Certains facteurs viennent toutefois altérer les avantages de la division du travail et ralentir le processus de spécialisation. La complémentarité des partenaires dans le processus de production rend ainsi peu vraisemblable une spécialisation totale de chacun. Une telle complémentarité est d’autant plus probable que les sources de satisfaction du ménage proviennent d’activités nécessitant une participation jointe des partenaires.

D’autres facteurs expliquent plus certainement l’affaiblissement observé, parmi les plus jeunes générations, de la division du travail. Parmi eux, la réduction des écarts de productivité entre les sexes dans les secteurs marchand et domestique est souvent citée. Cette réduction est notamment due à la diminution du différentiel de salaire entre hommes et femmes, qui résulte à la fois de l’accroissement du salaire moyen des femmes et de la réduction de la discrimination sur le marché du travail.

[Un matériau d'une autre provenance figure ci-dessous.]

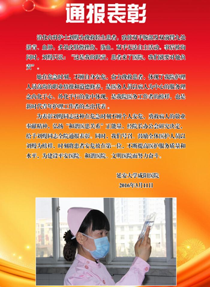 事情發(fā)生后,院領(lǐng)導(dǎo)高度重視,多次前往劉熳住處看望,并囑托她安心養(yǎng)傷。為表彰劉熳同志這種在危急時(shí)刻不顧個(gè)人安危,勇救病人的敬業(yè)奉獻(xiàn)精神,弘揚(yáng)“和諧醫(yī)患關(guān)系”正能量,經(jīng)院長(zhǎng)辦公會(huì)研究決定,給予劉熳同志”優(yōu)秀護(hù)士”稱號(hào)并全院通報(bào)表彰。同時(shí),我們號(hào)召、鼓勵(lì)全體醫(yī)護(hù)人員以劉熳為榜樣,時(shí)刻將患者安危放在第一位,不斷提高醫(yī)護(hù)服務(wù)質(zhì)量和水平,為建設(shè)平安醫(yī)院、和諧醫(yī)院、文明醫(yī)院而努力奮斗。

Du côté du secteur domestique, les productivités masculine et féminine se sont aussi sans doute rapprochées car la production domestique nécessite désormais moins de compétences spécifiques, mais aussi moins de temps – du fait du développement de substituts tels que les machines à laver, les plats cuisinés, etc. Les rendements attendus d’investissements spécifiques et, par conséquent, ceux d’une spécialisation des partenaires, sont alors considérablement réduits.